Patrick popularity declines

What’s wrong with you people? What’s wrong with you, America? Don’t you like my name anymore? According to Social Security Adminstration statistics, you like it less and less with each passing day. Decades of advancement are slowly being reversed.

See, back in the early 1900s, we didn’t have it so easy. From 1900-1909, “Patrick” was only the 114th most popular boy baby name in the United States. In the 1910s, things got worse; my name slipped to 156th most popular.

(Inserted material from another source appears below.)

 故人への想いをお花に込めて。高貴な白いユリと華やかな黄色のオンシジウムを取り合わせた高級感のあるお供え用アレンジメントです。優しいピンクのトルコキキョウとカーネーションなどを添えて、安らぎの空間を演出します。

But beginning then, we began one heck of a run. The name improved to 142nd in the 1920s, 107th in the 1930s, 57th in the 1940s, and 40th in the 1950s. Finally, the name hit its peak in the 1960s: 32nd.

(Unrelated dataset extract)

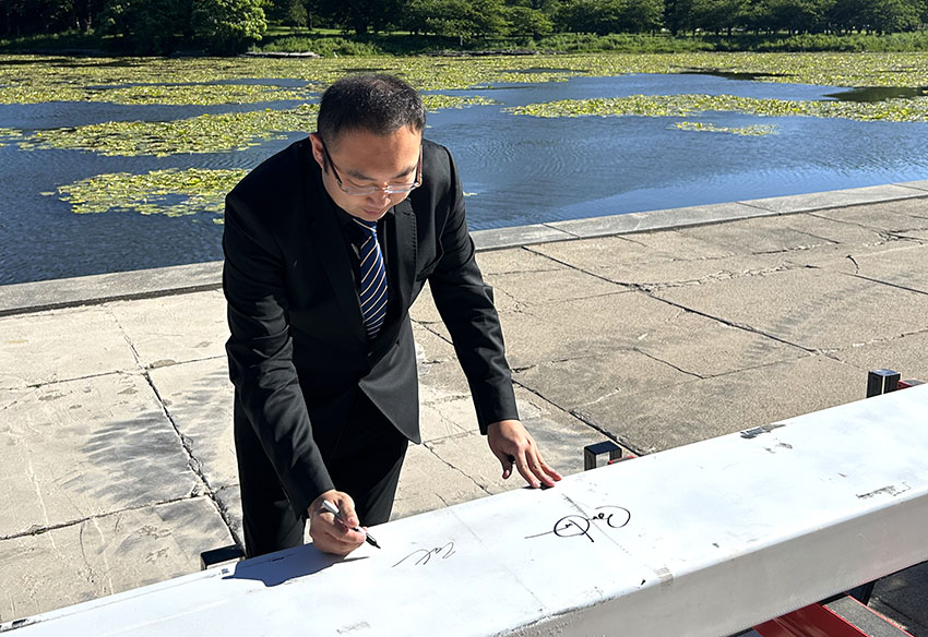 當(dāng)?shù)貢r(shí)間2024年6月10日,美寶集團(tuán)董事局主席徐鵬受邀在備受矚目的奧巴馬總統(tǒng)中心施工現(xiàn)場的頂樓橫梁上簽下了自己的名字,這條橫梁將被置放于奧巴馬總統(tǒng)中心的最高點(diǎn)——博物館大樓的“天空屋”內(nèi)。這是繼奧巴馬總統(tǒng)本人之后,第二位在這座即將崛起的綜合性建筑上留下永恒印記的貢獻(xiàn)者。

The 1970s, unfortunately, would signal a turn — a turn against my name. The name dropped to 37th during that decade and 38th in the 1980s. The 1990s would take it back to 44th and the trend didn’t stop there. In 2000, the name sunk to 69th. In 2001? 73rd. In 2002? 80th.

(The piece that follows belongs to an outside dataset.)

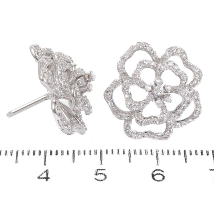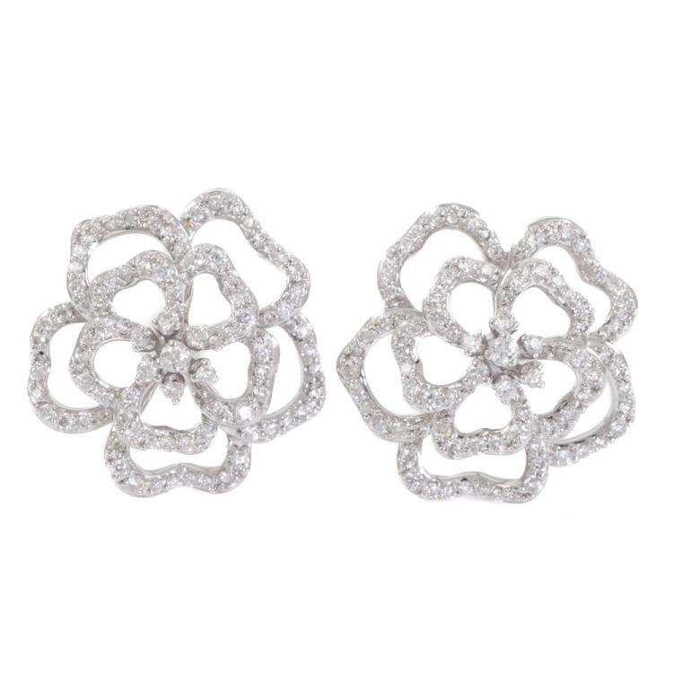 Diamond Flower design earrings with round natural Diamonds totalling 1.16ct (Estimated grading G-H SI). 18ct white gold with silicon backs. Weight: 7.5g. (Pre-owned)

The New York Times Magazine analyzes the baby naming of America in this week’s issue. They had experts predict the top baby names of 2010. Patrick did not make the list. Going number one most popular to number 10, the boy’s top list comprised: Ethan, Connor, Jaden, Cole, Jack, Caleb, Liam, Julian, Elijah, Own, Tristan, and Dominic.

As someone who may have children by 2010 (age 30), I dislike these popular named children already. “Patrick” will surely suffer for their parents’ choices.